From: Steven E. Harris
Subject: [Orgmode] Re: Release 6.17
Date: Sun, 04 Jan 2009 15:24:20 -0500
User-agent: Gnus/5.11 (Gnus v5.11) Emacs/22.3 (windows-nt)

Carsten Dominik <address@hidden> writes:

> This idea is to make this work in a heuristic way, by using something
> that is unlikely enough to occur in real code.

And that is a tough problem, as code is usually defined as stuff that
contains all kinds of weird (and often paired) delimiters.

[...]

> What would be safer?
>
>  <<name>>    like the other Org-mode targets?  That would make sense.
>              Does anyone know a language where this would be used
>              in real life?  It would make it harder to write about
>              Org-mode, though.
>
> Or do we need another option, so that, if needed, we could switch do a
> different syntax?

This reminds me of the "leaning toothpick" problem with regular
expression syntax; Perl and some other languages adopted the flexibility
to accept any "matching" delimiters (either the same character used
twice or a balancing pair) in lieu of the default '/' delimiter
character.
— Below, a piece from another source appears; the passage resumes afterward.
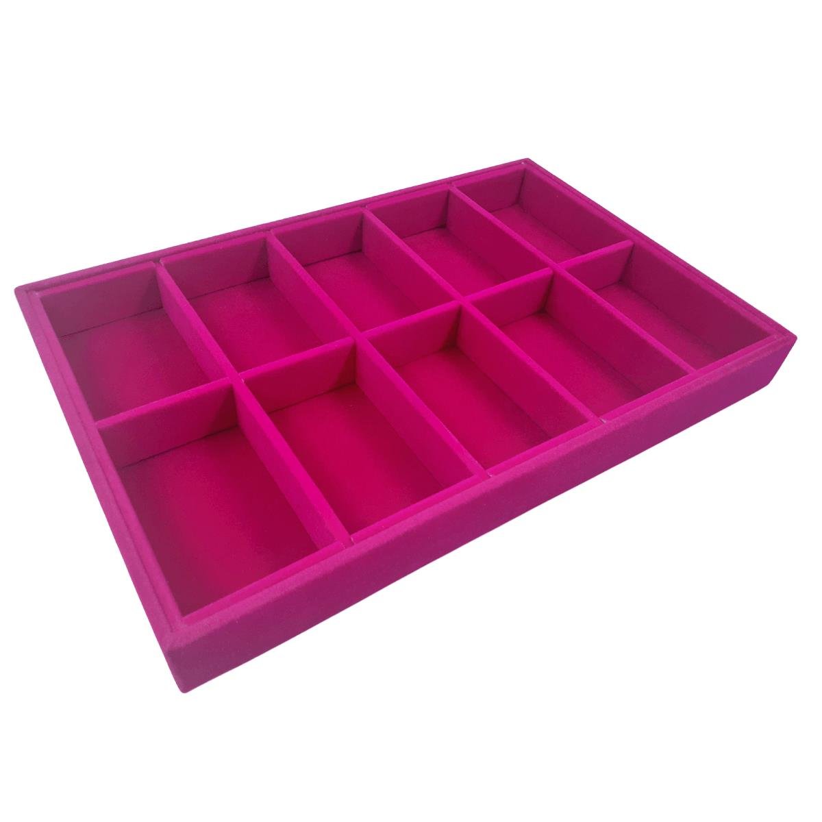Bandeja média com 10 quadriculados, confeccionada em material MDF (não em papelão) de primeira linha, com acabamento todo revestido em tecido aveludado ou corino em diversas cores, ideal para exposição e organização de suas jóias e semi jóias, evitando danos e riscos as suas peças, protegendo seu banho e destacando a beleza de suas jóias sem perder a elegância!

There was the need to have the delimiters be able to "get out
of the way" of the dominant syntax within that particular regular
expression. Here, too, I expect that we'd either need to define
language-specific escape hatches, or stop guessing and force the user to
define the active delimiters.

What if the user could specify before each code block some "dispatch
character" that then had to be followed by a more telling string, such
as "#line:def". In that example, the octothorpe is the dispatch
character, the "line:" is the belt-and-suspenders clarifying tag, and
the "def" is the named label for that line. Force it to be at the end of
the line (perhaps modulo trailing space), as there should only be one
definition per line.

A regular expression match would look for

  #line:([^)]+)\s*$
  ^
  |
  + (not fixed)

except that the dispatch character would need to be composed in and
regex-quoted appropriately. Also, that one would tolerate anything but a
closing parenthesis in a label; it could be more restrictive to tolerate
something more commonly expected of an identifier such as alphanumerics,
dashes, and underscores.

You could punt even further and just demand that the user provide a
suitable regex for finding the line labels unambiguously. I'm just leery
of trying to pick a default that's expected to work not just within
natural language, but within program source code.